Without the dependence on chemical monoculture and with the closure of the two nuclear reactors in neighboring Ascó on the horizon, Flix, like the entire Ribera d’Ebre, has been looking for a way to reinvent itself for years.

The cleaning of the swamp, in one of the largest decontamination episodes in Europe, opens up new opportunities. The City Council is working on an ambitious project to take advantage of the free space to first create a large neighborhood access to the Flix reservoir from the town, which does not exist. With the conservation of the pier that has been used to extract the sludge, it has become a competition regatta course. The plan, advanced on Friday by the ACN news agency, is in an initial phase of preparation, as explained to this newspaper by its mayor, Francesc Barbero (ERC).

“We are still in the definition phase, there have been meetings and visits on the river with the Catalan Rowing Federation and the Club Nàutic de Flix and we have an engineer working on the project to use the pier”, the mayor explains. The Institute for the Development of the Ebrenque Regions (Edece) also participates.

The plan is seen as a revulsion for the entire region at a sports and tourist level. To the same end, they are also working on the reopening of the reservoir lock, in disuse and competition from the hydroelectric plant, and on the plant’s navigation tunnel, adds Barbero. For now the mayor does not venture to set any calendar.
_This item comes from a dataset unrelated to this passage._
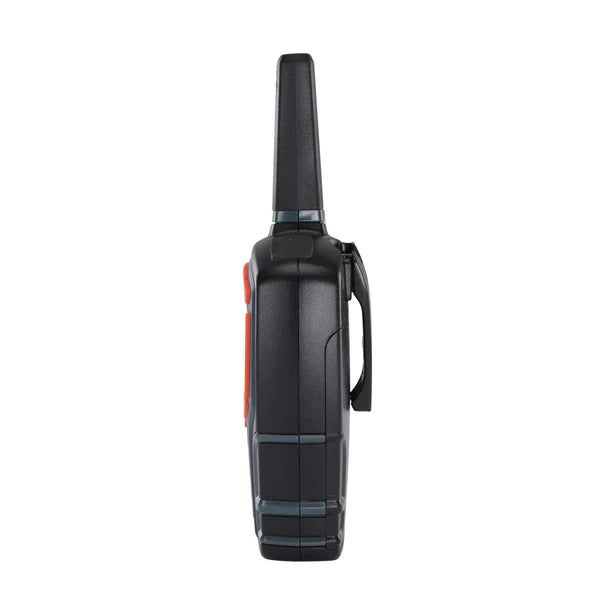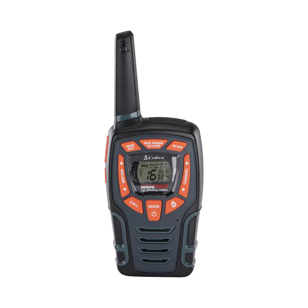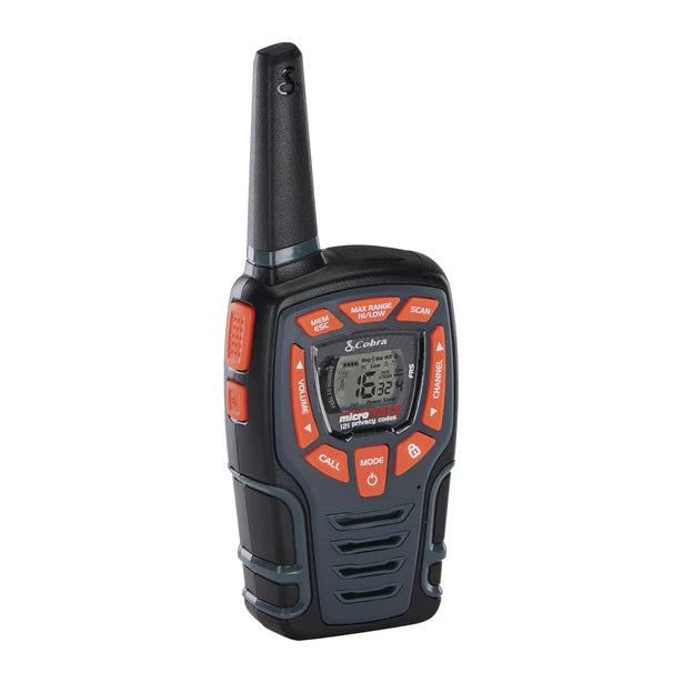 Introducing the Cobra AM855 Two-Way Radio – a rugged and reliable communication device designed for outdoor enthusiasts and professionals alike. With its water-resistant (IPX2) construction and compact design, the AM855 ensures clear communication in various environments. Whether you're hiking, camping, or coordinating events, this walkie-talkie offers a range of up to 10 km, keeping you connected when it matters most. The built-in LED flashlight provides added convenience during low-light conditions, while the VibrAlert® feature notifies you of incoming transmissions through enhanced vibrating feedback. Voice-activated transmission (VOX) allows for hands-free operation, making the AM855 an essential tool for seamless communication on the go.

“The swamp is a great tourist asset. And if it could be fixed after decades of lawsuits, the Flix lock would allow the Ebro river to be made navigable from the sea to Riba-roja d’Ebre”, highlights Raül Sabaté (Rogles Aventura). “As a regatta course, with three kilometers in a straight line, it would be impressive; international competitions could be held”.

The navigable section of the Catalan Ebro, between Ascó and Amposta, recorded the passage of 10,000 boats and nearly 15,000 canoes in 2022, the best tourist attraction. With a new navigable stretch of 15 kilometres, in Flix the opportunity to use larger draft vessels would open up, as in Ascó or Benifallet.